Monday, December 31, 2012

Mama's Big Break - Some of These Daze

It's been a helluva year for us, the nonstop exhausting, emotional roller coaster ride that continues with "Dementia Mama Drama". BTW, I'm terrified of roller coasters - thanks to Mama! 

Mama was diagnosed with Myelodysplasia/Leukemia this year which is now more of a concern than her Dementia/Alzheimer's (and we thought we were challenged before)! In 2012 we've been to the ER 3 times, the hospital 7 times for transfusions & had the "final talk" at least twice. Mama seemed to be on deaths door a few times & we were prepared for the worse, but then she bounced back & we're grateful for that! We tell her that she's like the "Energizer Bunny". When she doesn't get that analogy we say "ya know like Liza Minnelli, she keeps on going & going" - she understands this concept.

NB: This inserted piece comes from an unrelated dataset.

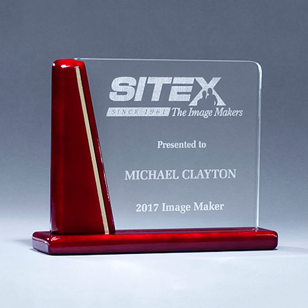 / Glass Award with Rosewood Piano-Finish Base

Mama has always wanted to be a singer and an actress, as you may know from previous posts & videos. Singing has gotten & continues to get us all through a lot of our "drama". Music is magical & puts her in a happy place. So as a gift this year, Douglass & I have made a dream come true for Mama - she is finally starring in a film! Okay, so we created a short video montage & maybe it'll be Mama's "Big Break"! Hollywood, can you hear her?

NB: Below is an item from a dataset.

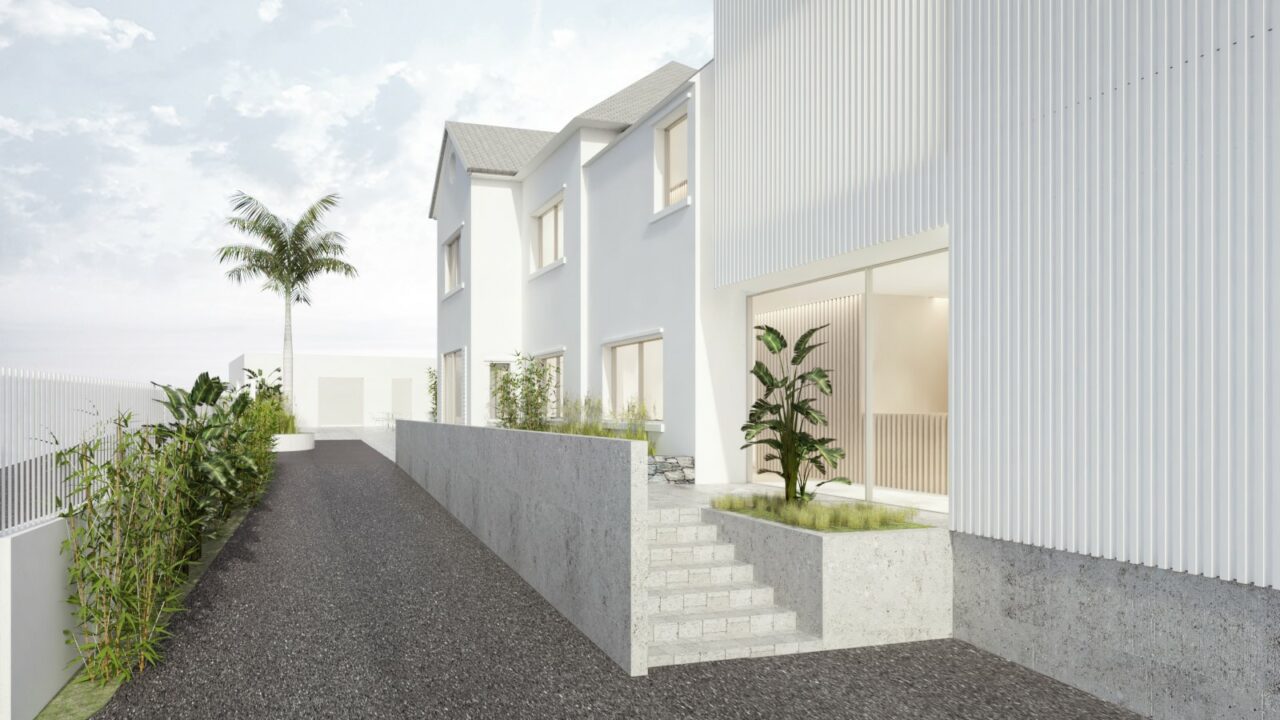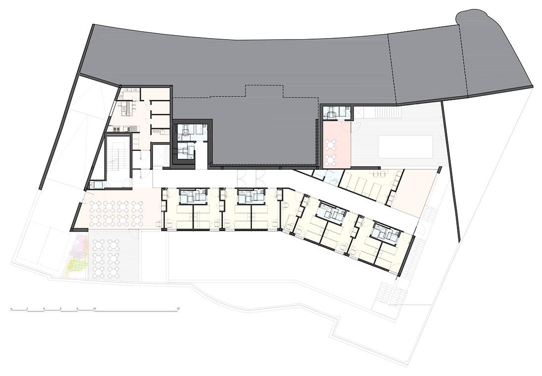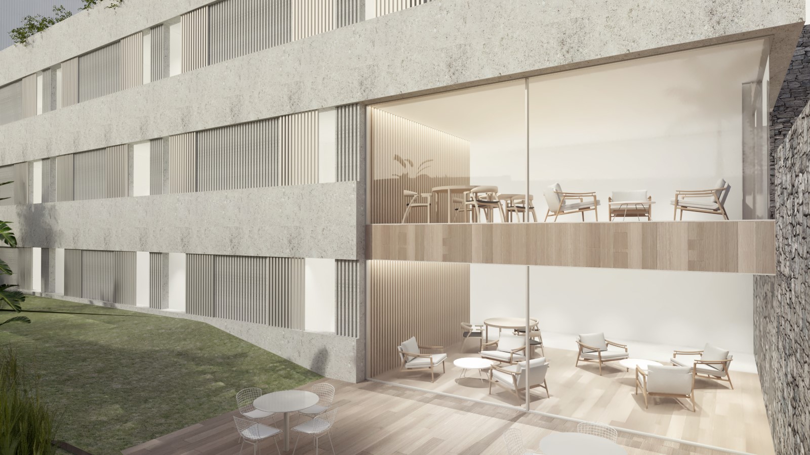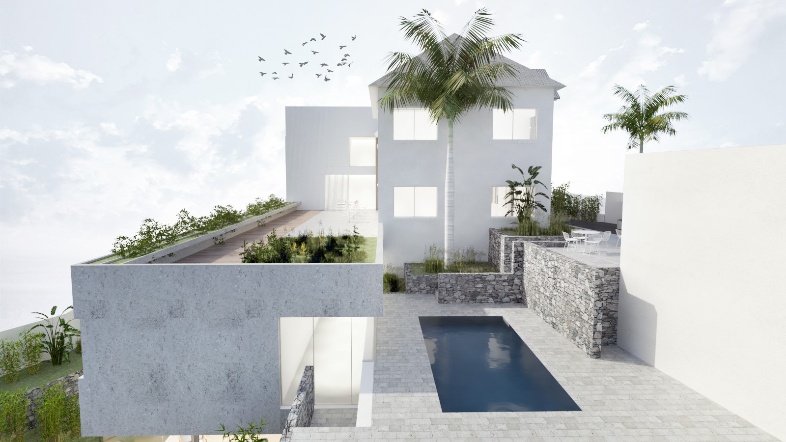 La relación de las zonas comunes con el exterior se produce en planta 00 (nivel de calle) a través de una cubierta ajardinada y el nivel -02 (nivel de jardín). En los niveles 01 y -01 se desarrollan las habitaciones en su mayoría con vistas al mar.

Enjoy our video starring the one & only inimitable "Anna with a Z" aka "Dementia Mama Drama". 
Below is her video "Mama's Big Break - Some of These Daze." 


If you receive the blog through email you may be unable to view it, so here's the YouTube link 
http://youtu.be/_dEAdeUGX-0

Thanks for visiting, please spread the word & follow us.

Facebook: Facebook.com/Dementia.Mama.Drama
Twitter: Twitter.com/DementiaMama

           

Friday, December 7, 2012

"It Could Be Our Last Holiday"

Throughout the years, I've always heard Mama say that we HAVE to spend the Holidays together! "Ya never know, it could be our last." I've been hearing this ever since I can remember - whether it was directed at me, my brother (from another mother) or the many other family members she helped raise. This is how Mama's mind has always worked: Holidays + Family = Happiness!

Wow, talk about "guilt trip", this can be a heavy topic for me in therapy & would probably take years to resolve, but thought I'd share it with you. It's not only about the Catholic/Jewish Guilt or the Italian/New York Culture, it's because family IS & ALWAYS HAS been very important to Mama. It's an essential part of who she was, is & always will be. Once family & friends started to die or lost contact, her sense of self started to decline, and so did her health. For me, this proves that we all have the need to be around people, something most of us take for granted.

What a switch that now, I AM the one saying "this could be our last Holiday together." It's so bizarre that I'm thinking & saying this, but there's a certain amount of truth to it. After all, her health has been getting worse. The reality is that this COULD be our last year to enjoy the Holidays together & we are determined to make the most of them & have a good time, damn it!


It kills me to have this thought in my mind, but that's the way it is. I've feared this every time my husband & I have gone on a trip or needed a break for a few days. We've been living with this heavy, dark cloud hanging over our heads, but obviously it's getting darker & hanging lower with her recent decline.

I know we "should" treat each day as if it could be the last & we do most of the time, but this is our final "letting go" process. The mix of emotions have fast forwarded my roller coaster ride & keeps me walking a tight rope. I'm not complaining (well maybe a little - that's what I do) but this is how I feel & I want you to know that you're NOT alone.

This Holiday will be bittersweet, but it'll be special. We'll make it as memorable as we can & reminisce about past Holidays when the table was filled with family, friends and non stop food from morning til night. I wish we were back home in NYC where it would be a little more comforting, but we're not. Even our last few years in NYC, the holidays consisted of just the three of us, but we still had a good time & friends were always nearby.

Be grateful for whatever time you have with your loved ones & enjoy it as much as you can, because each day is a gift. A cliché, but for me it's true now more than ever.The joy & laughs we share have increased & that means the world to her. We plan to make this Holiday the best we can, because "Ya never know, it could be our last."